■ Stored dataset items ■
--------
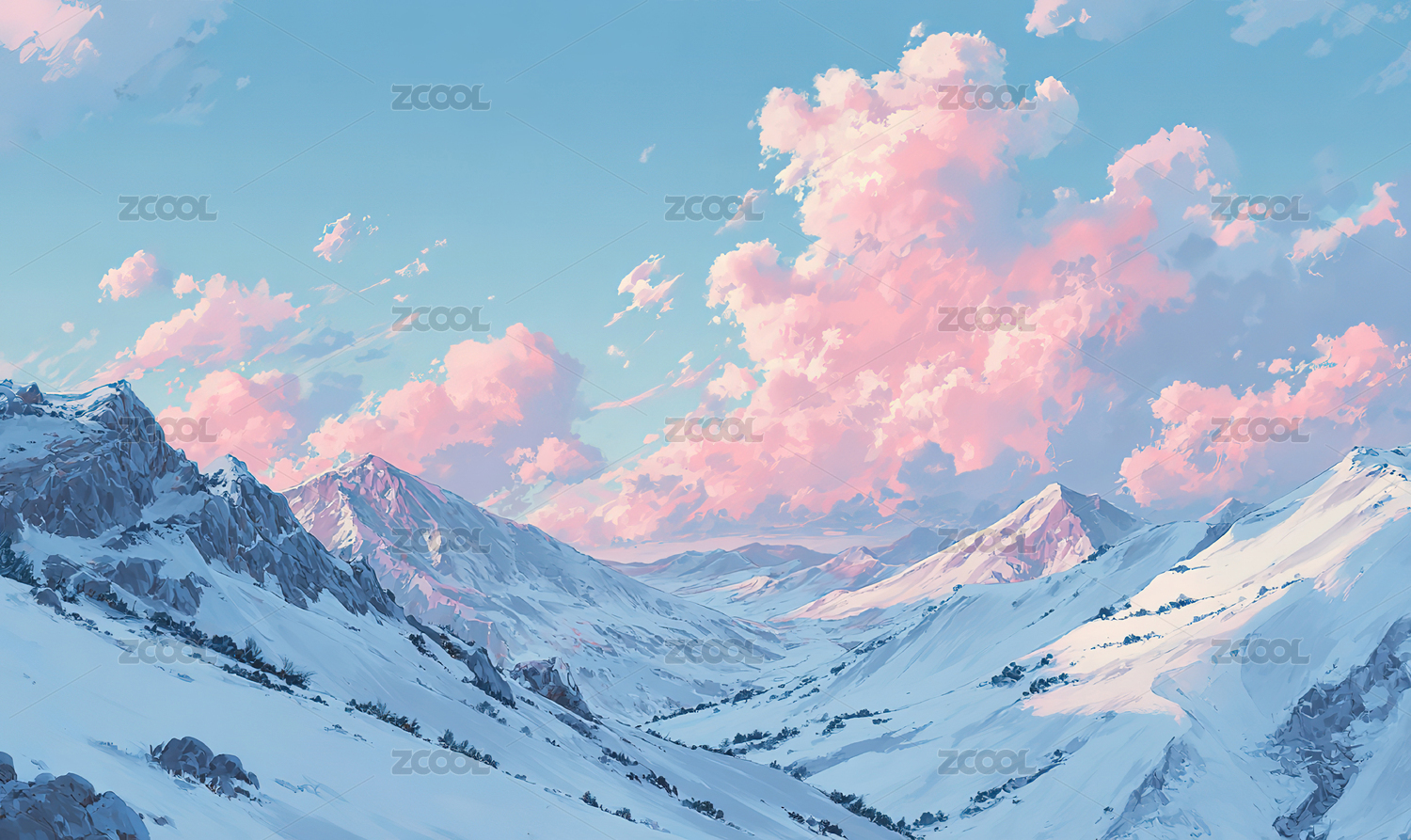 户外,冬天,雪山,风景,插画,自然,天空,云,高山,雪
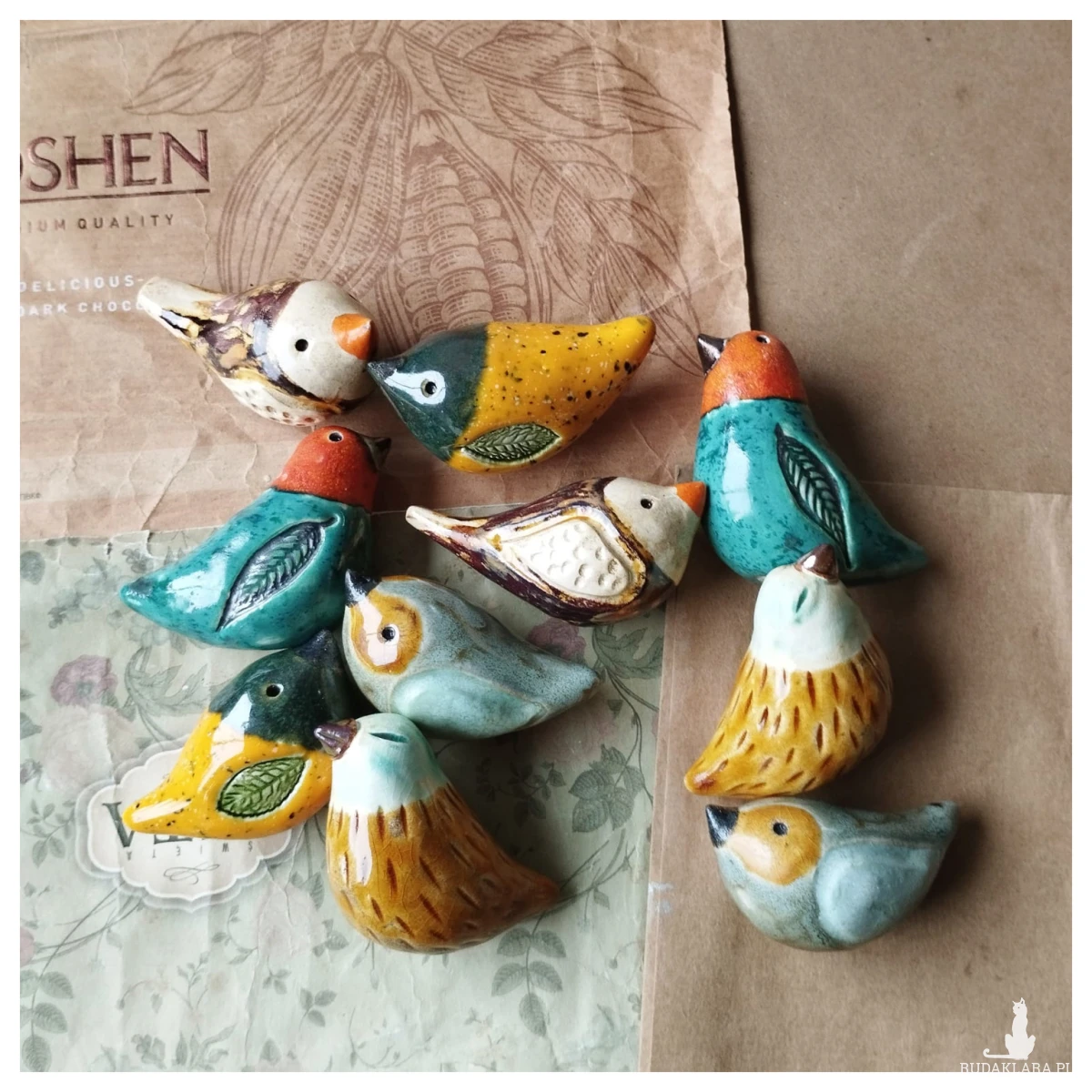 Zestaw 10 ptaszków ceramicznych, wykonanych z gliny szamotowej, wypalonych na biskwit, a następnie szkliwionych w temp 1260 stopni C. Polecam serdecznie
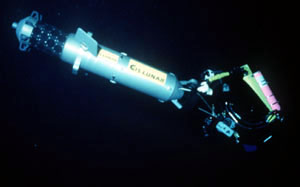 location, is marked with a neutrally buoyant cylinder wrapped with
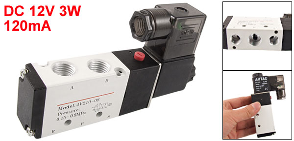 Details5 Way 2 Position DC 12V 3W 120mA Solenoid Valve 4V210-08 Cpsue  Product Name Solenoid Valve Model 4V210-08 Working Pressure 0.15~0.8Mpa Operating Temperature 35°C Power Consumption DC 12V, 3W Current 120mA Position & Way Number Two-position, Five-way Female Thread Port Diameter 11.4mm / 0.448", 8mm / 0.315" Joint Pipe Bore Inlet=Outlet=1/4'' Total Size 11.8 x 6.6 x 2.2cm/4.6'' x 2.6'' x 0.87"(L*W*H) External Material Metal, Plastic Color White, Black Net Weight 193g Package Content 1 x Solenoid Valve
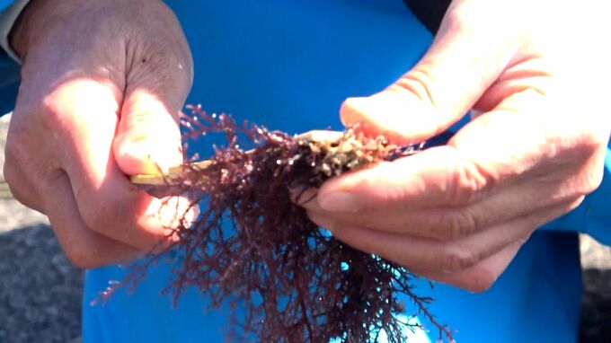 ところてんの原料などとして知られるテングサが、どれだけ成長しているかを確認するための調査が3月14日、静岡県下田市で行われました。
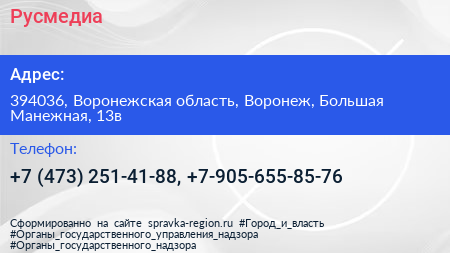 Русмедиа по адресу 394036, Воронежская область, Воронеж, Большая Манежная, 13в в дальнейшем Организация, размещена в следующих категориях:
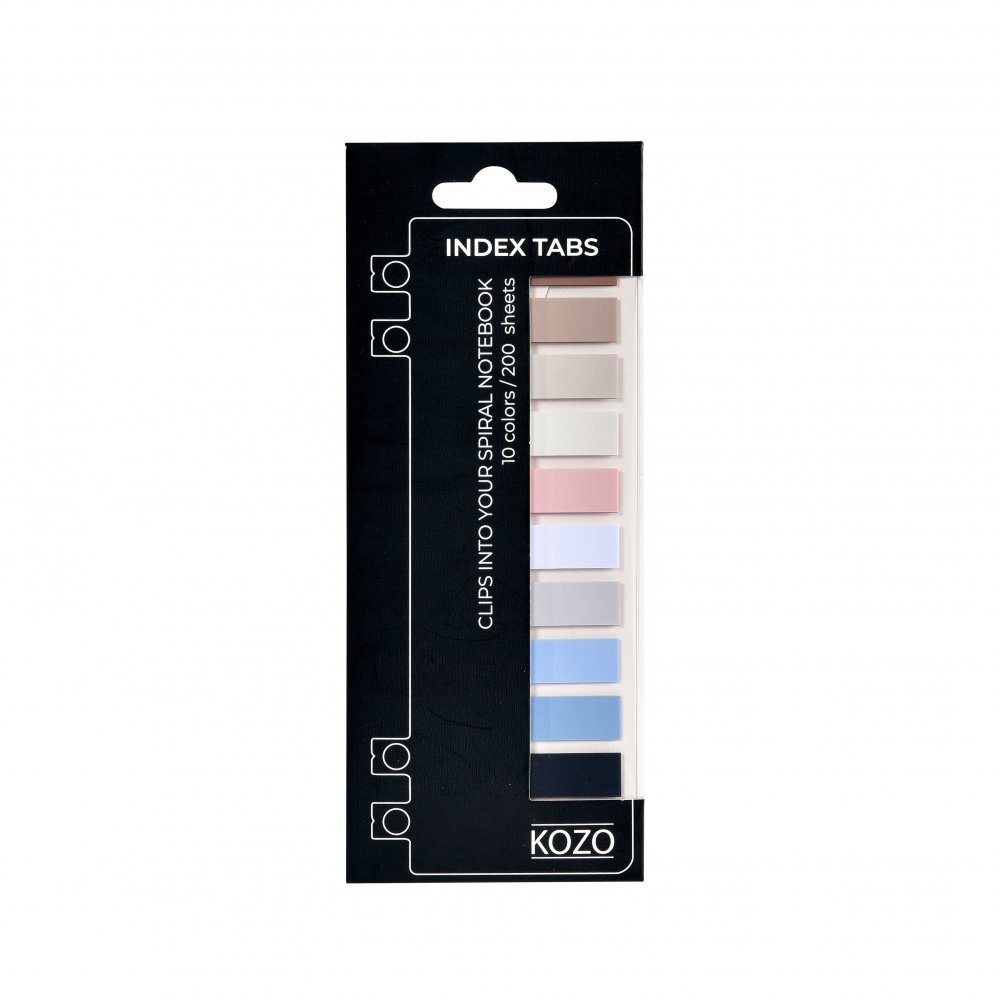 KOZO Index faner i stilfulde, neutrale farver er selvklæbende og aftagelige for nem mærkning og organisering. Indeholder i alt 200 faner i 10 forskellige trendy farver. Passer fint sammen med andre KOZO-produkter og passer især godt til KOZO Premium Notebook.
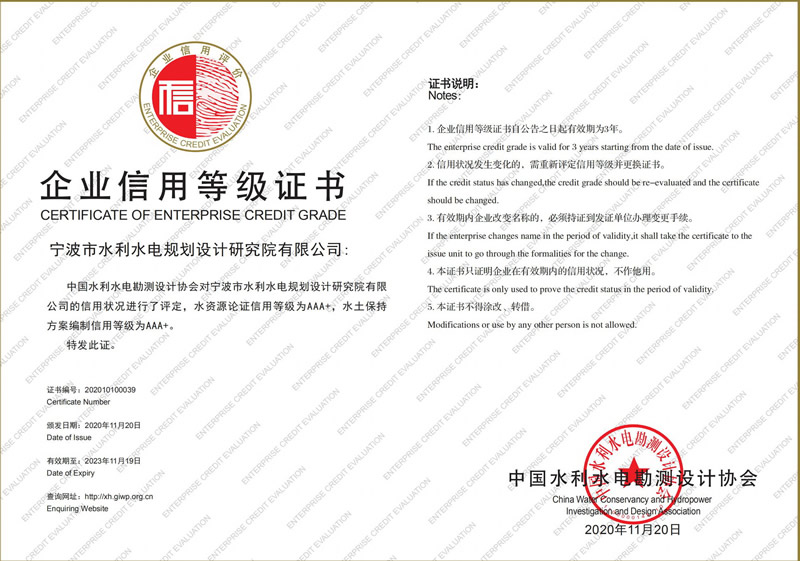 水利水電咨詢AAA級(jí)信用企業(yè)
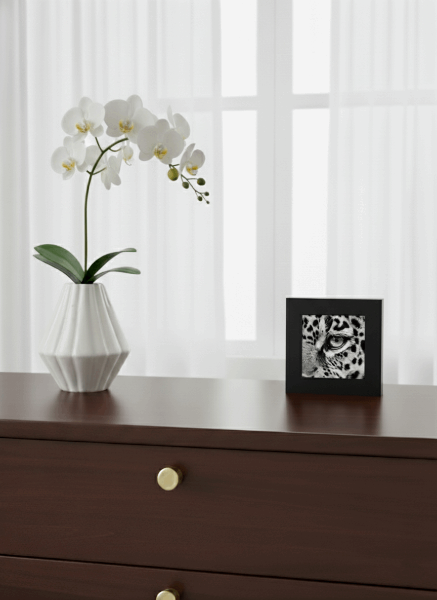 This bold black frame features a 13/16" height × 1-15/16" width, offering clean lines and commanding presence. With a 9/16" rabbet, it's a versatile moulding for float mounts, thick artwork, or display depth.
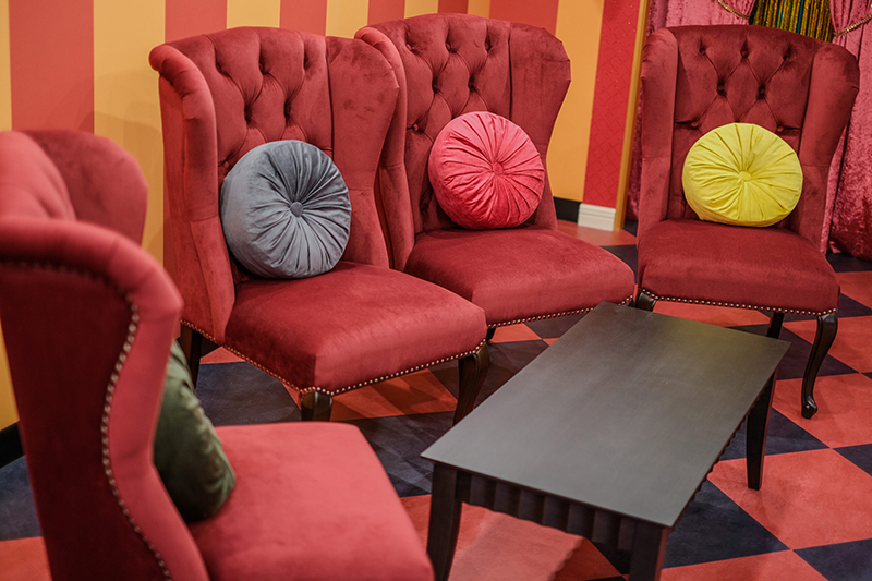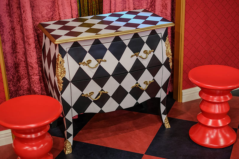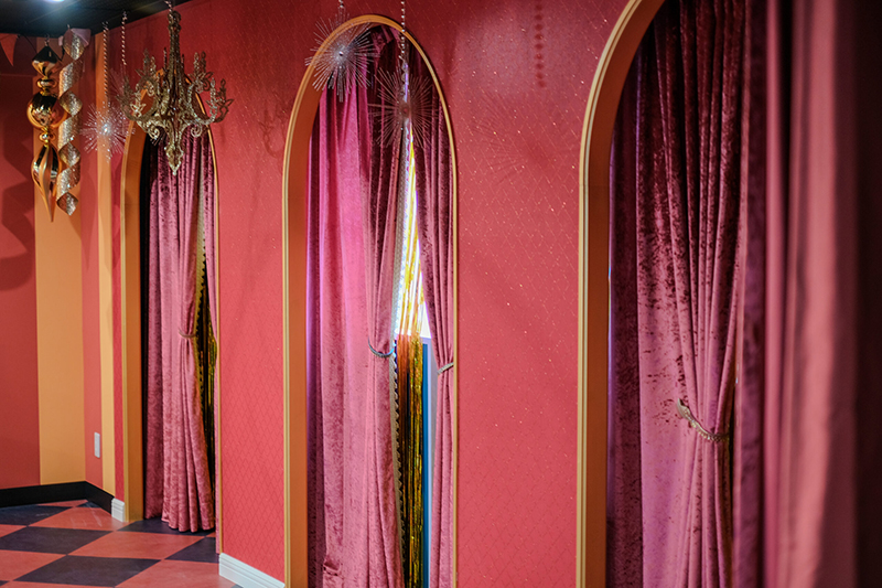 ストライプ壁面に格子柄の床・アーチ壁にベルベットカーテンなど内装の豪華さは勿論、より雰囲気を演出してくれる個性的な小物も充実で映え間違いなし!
--------
■ YOUR ASSIGNMENT ■
What's needed is an exact copy of every entry, minus the pictures.

■ EXERCISE OUTPUT ■
 户外,冬天,雪山,风景,插画,自然,天空,云,高山,雪
 Zestaw 10 ptaszków ceramicznych, wykonanych z gliny szamotowej, wypalonych na biskwit, a następnie szkliwionych w temp 1260 stopni C. Polecam serdecznie
 location, is marked with a neutrally buoyant cylinder wrapped with
 Details5 Way 2 Position DC 12V 3W 120mA Solenoid Valve 4V210-08 Cpsue  Product Name Solenoid Valve Model 4V210-08 Working Pressure 0.15~0.8Mpa Operating Temperature 35°C Power Consumption DC 12V, 3W Current 120mA Position & Way Number Two-position, Five-way Female Thread Port Diameter 11.4mm / 0.448", 8mm / 0.315" Joint Pipe Bore Inlet=Outlet=1/4'' Total Size 11.8 x 6.6 x 2.2cm/4.6'' x 2.6'' x 0.87"(L*W*H) External Material Metal, Plastic Color White, Black Net Weight 193g Package Content 1 x Solenoid Valve
 ところてんの原料などとして知られるテングサが、どれだけ成長しているかを確認するための調査が3月14日、静岡県下田市で行われました。
 Русмедиа по адресу 394036, Воронежская область, Воронеж, Большая Манежная, 13в в дальнейшем Организация, размещена в следующих категориях:
 KOZO Index faner i stilfulde, neutrale farver er selvklæbende og aftagelige for nem mærkning og organisering. Indeholder i alt 200 faner i 10 forskellige trendy farver. Passer fint sammen med andre KOZO-produkter og passer især godt til KOZO Premium Notebook.
 水利水電咨詢AAA級(jí)信用企業(yè)
 This bold black frame features a 13/16" height × 1-15/16" width, offering clean lines and commanding presence. With a 9/16" rabbet, it's a versatile moulding for float mounts, thick artwork, or display depth.
 ストライプ壁面に格子柄の床・アーチ壁にベルベットカーテンなど内装の豪華さは勿論、より雰囲気を演出してくれる個性的な小物も充実で映え間違いなし!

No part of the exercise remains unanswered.